Hombre de Vitruvio (Leonardo Da Vinci, 1490)
Por: Yuber H. Rojas Ariza
¿De qué sirve ser profesional? La pregunta, aunque se plantea en un sentido utilitario, la respuesta amerita pensarla con más cuidado. Y si la cambiáramos por su sentido quizás pueda dar más y mejores pistas sobre su posibilidad interpretativa. Pero para hacerlo posible sin duda alguna hay que complementarla: ¿Qué sentido tiene ser profesional en Colombia? Y si la nueva pregunta toma el referente contextual pues aún más fundamental resulta la pregunta para quienes nos interesamos por el «Sentido» de las ciencias sociales y las humanidades en un país azotado por la violencia que legitimamos conscientes o no de ello.
Desde ese escenario interrogativo, considero que estamos en una profunda crisis del espíritu del profesional en nuestro contexto inmediato. Y comienzo con esta afirmación para sostenerla a partir del devenir histórico. En primer lugar, voy a sustentarla a través de su transformación en el tiempo; seguidamente quiero abrir una posibilidad de interpretación para nuestro tiempo y contexto actual.
En ese orden de exposición, quiero advertir que la crisis del espíritu profesional no es equivalente a la vocación que se promulgaba siglos atrás. La postura filosófica, artística e inclusive religiosa, fueron pioneras en señalar que la profesión se fundamentaba en la vocación. O en otras palabras: solamente se consideraba “profesional” a aquel que ejercía una actividad por vocación. Aquí «vocación» se refiere a una pre-disposición o inclinación a realizar una actividad: «Zapatero a tus zapatos», reza, para el caso, la versión de la filosofía antigua en boca de Sócrates. Lo cual significó lo mismo para las altas y bajas actividades en el Medioevo: pastor a tu rebaño, artesano a tu madera, esclavo a tu trabajo. De esa manera se constituyó, nos guste o no, la división de clases, dando, por supuesto, primacía a labores relacionadas con Dios y, por extensión, del Espíritu. En síntesis, una actividad por vocación, por elección divina, por el “sentido” terrenal bajo el mando de fuerzas ulteriores.
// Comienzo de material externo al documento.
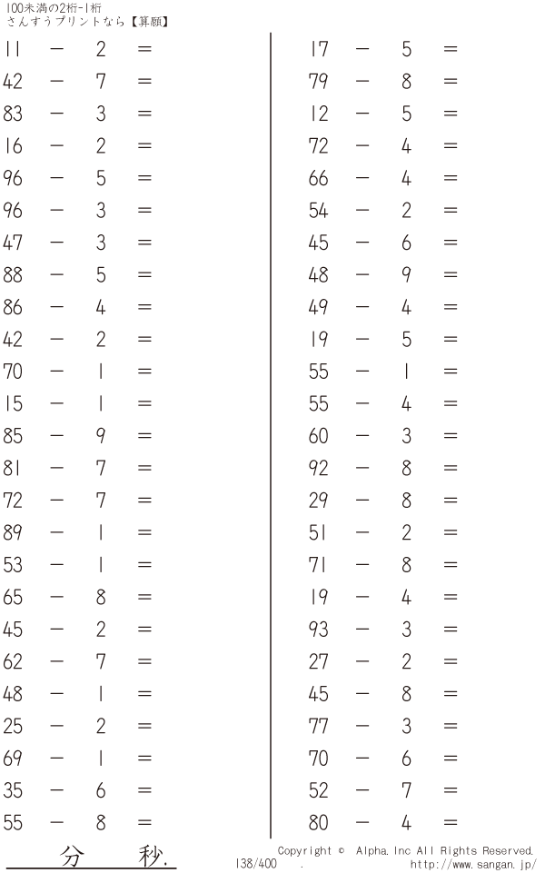 100未満の2桁-1桁 [問題]138/400

Pero las cosas se transformaron drásticamente en la época moderna. Se pasó de una especie de “destino” para cada individuo a una división del trabajo basada en el aumento de la productividad en función del tiempo. La mirada de Adam Smith, padre de la Economía política, logró ver agudamente que cada individuo está dotado de determinadas facultades (destrezas) y puede mejorar y ocupar un puesto de trabajo de acuerdo a ello. Significa, en efecto, que cada individuo puede contribuir con su trabajo a aumentar la riqueza de la nación. Tal lectura de Smith le quita el don de “vocación” al trabajo para darle un carácter instrumental y especializado al mismo. O más claramente: mientras el zapatero se encarga de los zapatos por sus virtudes -o mejor Areté griega- el trabajador moderno que evoca Smith opta por eso y además tiene en cuenta que hay otras actividades económicas con las cuales se pueden intercambiar los zapatos (su producto), por otros productos, llámese, por ejemplo, la carne (del carnicero), las telas (del costurero) o el pan (del panadero). Cada uno trabaja pensando –hipotéticamente- en intercambiar una cosa por otra. Aquí salta a la vista la noción básica del trueque que muy pocos economistas se atreven a cuestionar por temor a derrumbar su creencia en el mercado. En esa perspectiva de análisis, significa que el profesor de filosofía moral, Adam Smith, tiene una suma fe en la benevolencia humana al creer que cada quien puede contribuir con su trabajo al crecimiento de la riqueza. Una nación, de esa forma, funcionaría cooperativamente gracias al interés personal y no por el egoísmo como erradamente se ha creído sobre la Mano invisible.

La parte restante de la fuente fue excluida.